R Language for Chinese word segmentation

Source: Internet
Author: User

Chinese word segmentation in two ways: Rwordseg and Jiebar

Environment configuration for the R language:

R_path:

C:\Program files\r\r-3.1.2

Path:

%r_path%

First, the Chinese word segmentation with rwordseg bag

(1) Configure the environment variables for Java:

Java_home:

C:\Program files\java\jdk1.8.0_31

Path:

%java_home%\bin;%java_home%\jre\bin

CLASSPATH:

%java_home%\lib\dt.jar;%java_home%\lib\tools.jar


(2) download RWORDSEG package to local hard drive, current version of RWORDSEG package in https://r-forge.r-project.org/R/?group_id=1054

1 > Install.packages ("Rjava")
2 > Add the following path to the PATH environment variable:

? %java_home%\jre\bin
? %java_home%\jre\bin\server
? %r_path%\library\rjava\jri

3 > Install.packages (" download good rwordseg Package folder address /rwordseg_0.2-1.zip", repos=null,type= "source")
(3) Enter the command:

1 > Library ("Rjava")
2 > Library ("Rwordseg")

3 > Words = "Sanitation workers are dismissed for warming in the cold wind"

4 > segment.options (isnamerecognition = TRUE) #打开人名识别
5 > segmentcn (words)

Operation Result:

[1] "sanitation" "work" "because" "in" "Cold Wind" "in" "Warm Fire" "heating" "was" "dismissed"

Change to words = "My name is R language"

Operation Result: [1] "I" "" Name "" is "" R language "

Second, the Chinese word segmentation with Jiebar bag

(1) Enter the command:

1 > Install.packages ("Jiebar") #安装jiebaR包

2 > Library ("Jiebard") #加载jiebaRD包

3 > Library ("Jiebar")

4 > Words = "Sanitation workers are dismissed for warming in the cold wind"
5 > Test = Worker ()
6 > Test <= words

(2) output result:

[1] "sanitation workers" "because in" "Cold Wind" "in" "Warm Fire" "heating" "was" "dismissed"

Replace words = "My name is R language"

Operation Result: [1] "I" "" Name "" is "" R "" Language "

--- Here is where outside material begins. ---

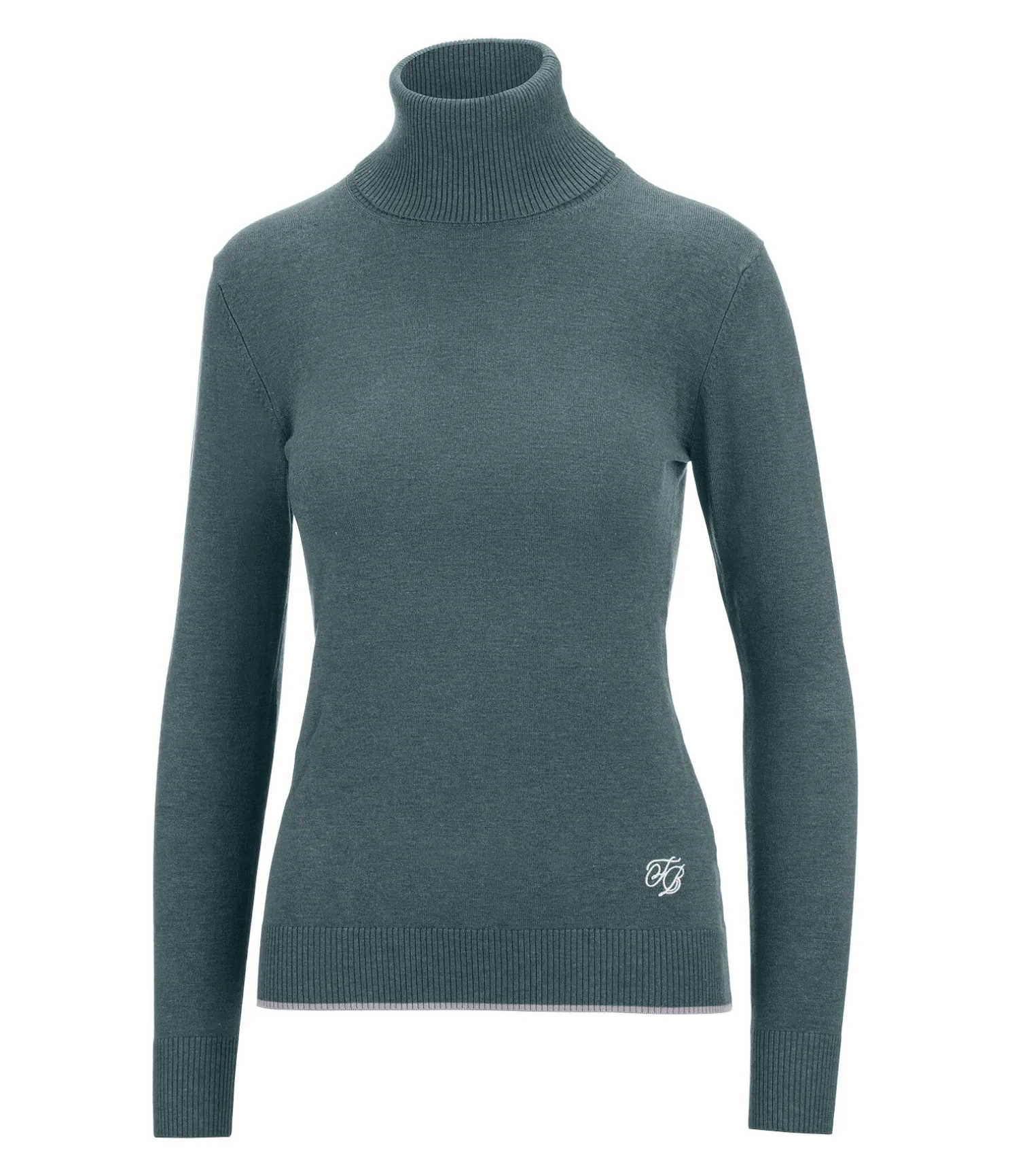 Pull-over doux à col roulé. Aspect chiné. Logo brodé. Finition côtelée en bas des manches et à la taille. Bordure de couleur contrastante à la taille. 80 % viscose, 20 % nylon.

R Language for Chinese word segmentation

Contact Us

The content source of this page is from Internet, which doesn't represent Alibaba Cloud's opinion; products and services mentioned on that page don't have any relationship with Alibaba Cloud. If the content of the page makes you feel confusing, please write us an email, we will handle the problem within 5 days after receiving your email.

If you find any instances of plagiarism from the community, please send an email to: info-contact@alibabacloud.com and provide relevant evidence. A staff member will contact you within 5 working days.

A Free Trial That Lets You Build Big!

Start building with 50+ products and up to 12 months usage for Elastic Compute Service

  • Sales Support

    1 on 1 presale consultation

  • After-Sales Support

    24/7 Technical Support 6 Free Tickets per Quarter Faster Response

  • Alibaba Cloud offers highly flexible support services tailored to meet your exact needs.